Option	Type	Default	Description
`memoryStore`	`AgentMemoryStore`	Required	The storage implementation for memories.
`memoryExtractionMode`	`MemoryExtractionMode`	`INLINE`	How memories are extracted. See Extraction Modes.
`minRelevantReusabilityScore`	`int`	`0`	Minimum score (0-10) for a memory to be saved or retrieved. Helps filter "noise".
`objectMapper`	`ObjectMapper`	Default Mapper	Used for serializing memory units.

Example Setup¶

final var memoryExtension = AgentMemoryExtension.builder()
        .memoryStore(memoryStore)
        .memoryExtractionMode(MemoryExtractionMode.INLINE)
        .minRelevantReusabilityScore(7) // Only "highly reusable" memories
        .build();

final var agent = new MyAgent(AgentSetup.builder()
        .model(model)
        .extension(memoryExtension)
        .build());

Memory Tools¶

The AgentMemoryExtension provides a specialized tool for semantic memory retrieval.

Tool Name	Description	Parameters
`agent_memory_extension_find_memories`	Retrieves relevant memories from the persistent store based on a natural language query.	`query` (String)

When this extension is registered, the agent is instructed to use this tool to check for relevant background information before proceeding with complex tasks.

Memory Extraction Modes¶

The MemoryExtractionMode determines the lifecycle of memory creation:

Mode	Description
`INLINE`	Extraction happens during the primary model call using structured output. Nuance: This is the most efficient mode but is not supported in streaming mode. Sentinel AI will automatically force an out-of-band extraction if the agent is run in streaming mode.
`OUT_OF_BAND`	Extraction happens as a separate, asynchronous model call after the primary response is generated. This ensures extraction works even with streaming.
`DISABLED`	No new memories are extracted. Useful for read-only memory agents.

Storage Implementations¶

Sentinel AI requires an EmbeddingModel to generate vector representations of memories for semantic search.

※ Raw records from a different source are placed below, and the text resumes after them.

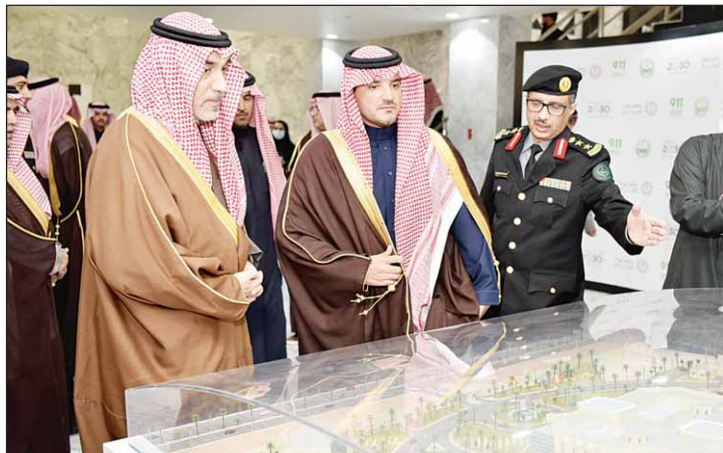
KUWAIT CITY, Dec 23, (KUNA): The official gazette (Kuwait Alyoum) published in its latest edition released on Monday the decree-into-law 116/2024, amending provisions of the Amiri Decree 15/1959 regarding the Kuwaiti citizenship.

Sheikh Fahad to meet with editors-in-chief of local dailies
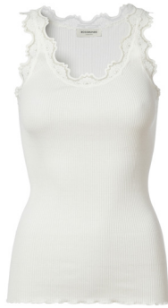
1049 NEW WHITE
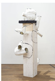
Diego Bianchi DVD Pedestal 2015 wood, dvd player, cut and sanded fiberglass mannequin, cable, tar 198 x 99 x 63 cm, Inv.# DB/S 26 unique
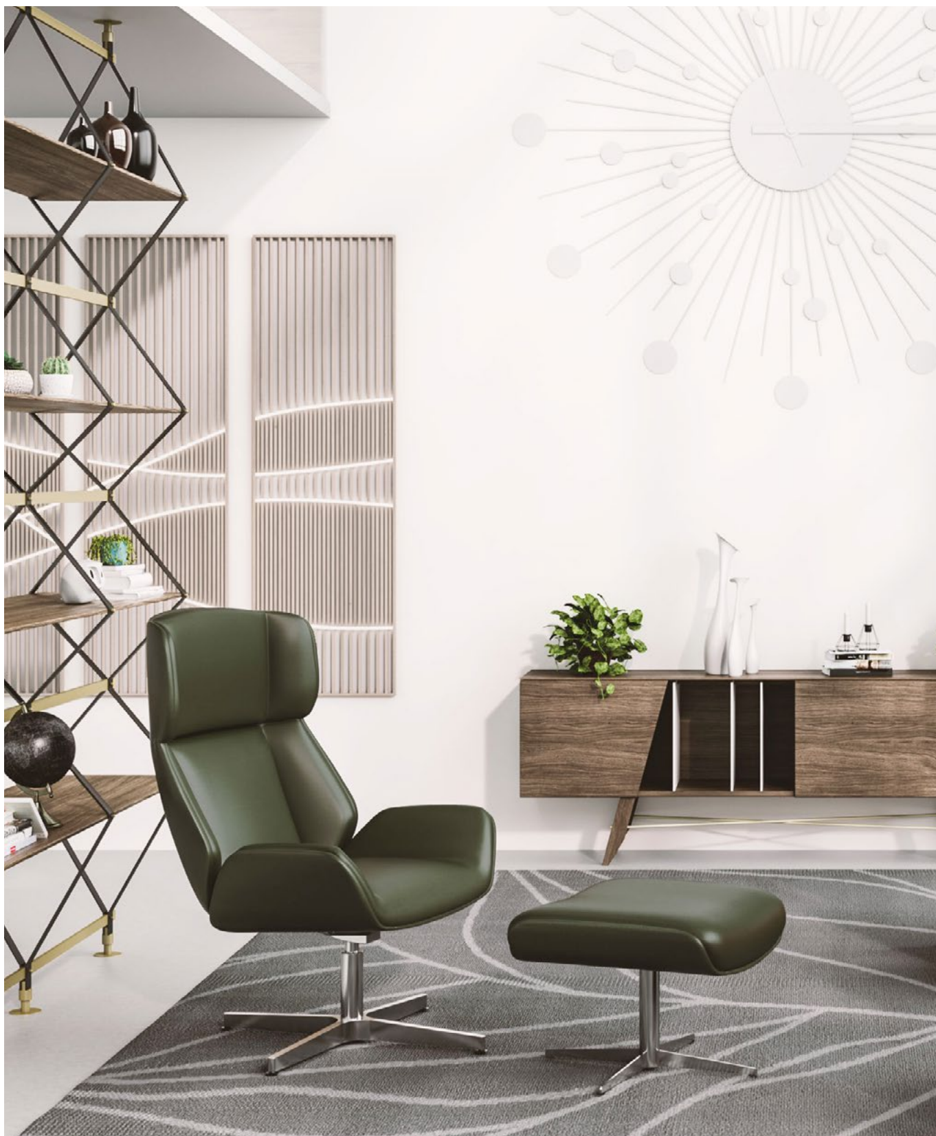
STRATFORD 2000, 2011 LOUNGE
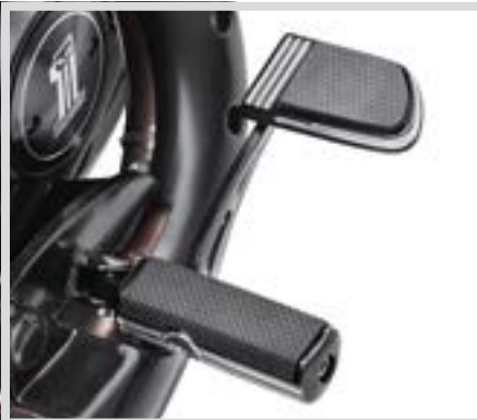
F. DEFIANCE COLLECTION HAND AND FOOT CONTROLS – BLACK MACHINE CUT
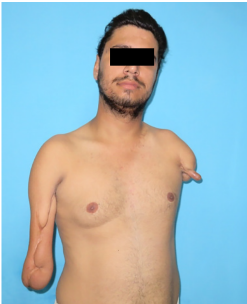
Figure 3 Bilateral amputee following electrical burns.

voltage burns underwent minor amputation of fingers. Also all 13 deaths during the study period occurred in patients with high voltage electrical burns.
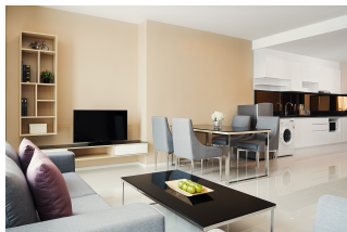
Spacious residences. For high res image please click here .

Mövenpick Residences Ekkamai Bangkok offers the best in contemporary comfort and convenience for long-term business and leisure travellers.
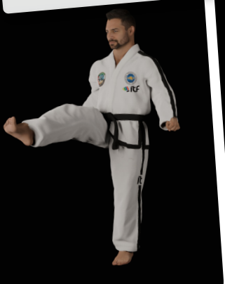
Front Snapping Kick Apcha Busigi
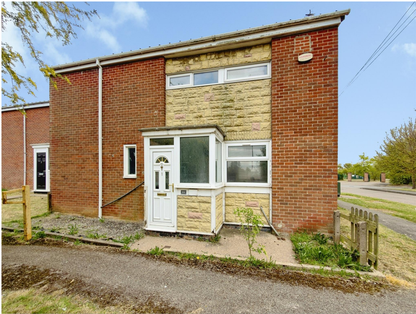
Bossington Close, Bransholme, Hull, HU7 4HU
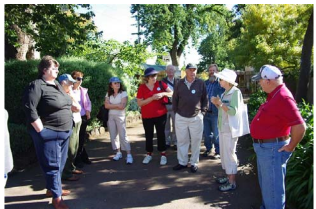
FMBG members with Friends of Ballarat BG hosts

After an update on things happening in the Botanic Garden a leisurely walk around to look at the various beds and heritage listed trees was made in pleasant sunny weather. Generally the gardens were in better condition than at our last visit in October 2008.
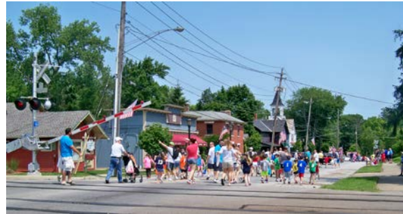
These two photos show the Independence Day parade heading north on Columbia Road near Grand Pacific Junction. The Heritage Days parade will go the opposite direction and end at Grand Pacific Junction.
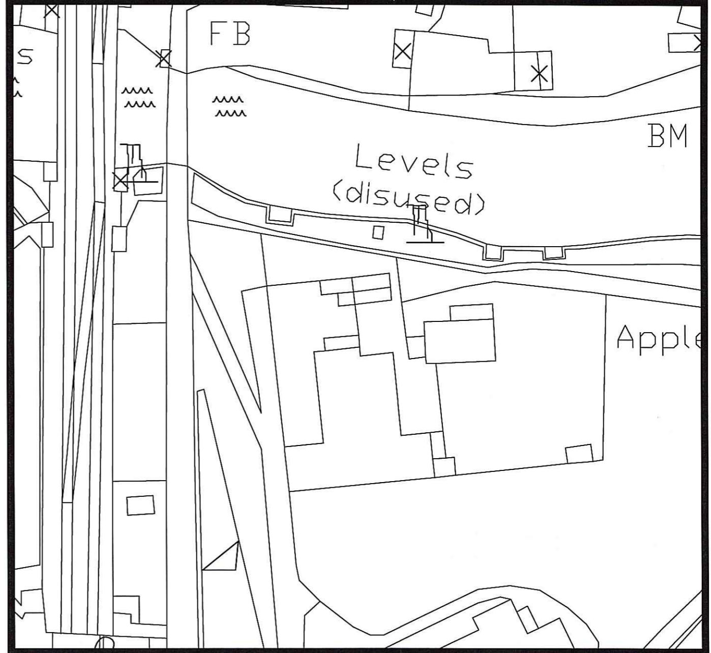
Proposed Block Plan

File System Storage (`sentinel-ai-filesystem`)¶

Ideal for local development or small-scale applications. It stores memories as JSON files and vectors in a local directory.

final var storage = FileSystemAgentMemoryStorage.builder()
        .baseDir("./data/memory")
        .mapper(objectMapper)
        .embeddingModel(embeddingModel) // e.g., LocalEmbeddingModel or OpenAIEmbeddingModel
        .build();

Performance

FileSystemAgentMemoryStorage performs a linear scan and manual cosine similarity calculation for search. It is not intended for production use with thousands of memories.

Elasticsearch Storage (`sentinel-ai-storage-es`)¶

Recommended for production. Uses Elasticsearch's native KNN (k-nearest neighbors) search for efficient retrieval.

final var storage = ESAgentMemoryStorage.builder()
        .client(esClient)
        .embeddingModel(embeddingModel)
        .indexPrefix("prod") // Optional: prefixes the 'agent-memories' index
        .build();

Vector Dimensions

The Elasticsearch implementation automatically determines vector dimensions based on the provided EmbeddingModel during initial index creation. If you change your embedding model later, you may need to recreate the index to match the new dimension count.

Tips and Nuances¶

Reusability Scores: The LLM assigns a reusability score to each extracted memory. Use minRelevantReusabilityScore (e.g., 7) to prevent your store from being cluttered with session-specific trivia.
Memory Scopes:
- AGENT: Shared knowledge (e.g., "Field 'X' in the database refers to User Salary").
- ENTITY: User-specific (e.g., "User prefers dark mode").
Facts Injection: Memories are injected as Facts into the system prompt. This happens automatically based on the userId provided in AgentRequestMetadata.

Dangers and Risks¶

PII & Privacy: Since memories are stored persistently across sessions, be extremely careful about extracting Personal Identifiable Information (PII). You can use a AgentMessagesPreProcessor to mask data before it reaches the extraction task.
Hallucinations: The LLM might "remember" things that weren't explicitly stated or were misunderstood. Periodic auditing of the memory store is recommended.
Token Overhead: Retrieving too many memories (high count) can bloat your system prompt and increase costs/latency.
Embedding Costs: Every save and every search requires an embedding model call. If using remote models (like OpenAI), this adds to your per-request cost.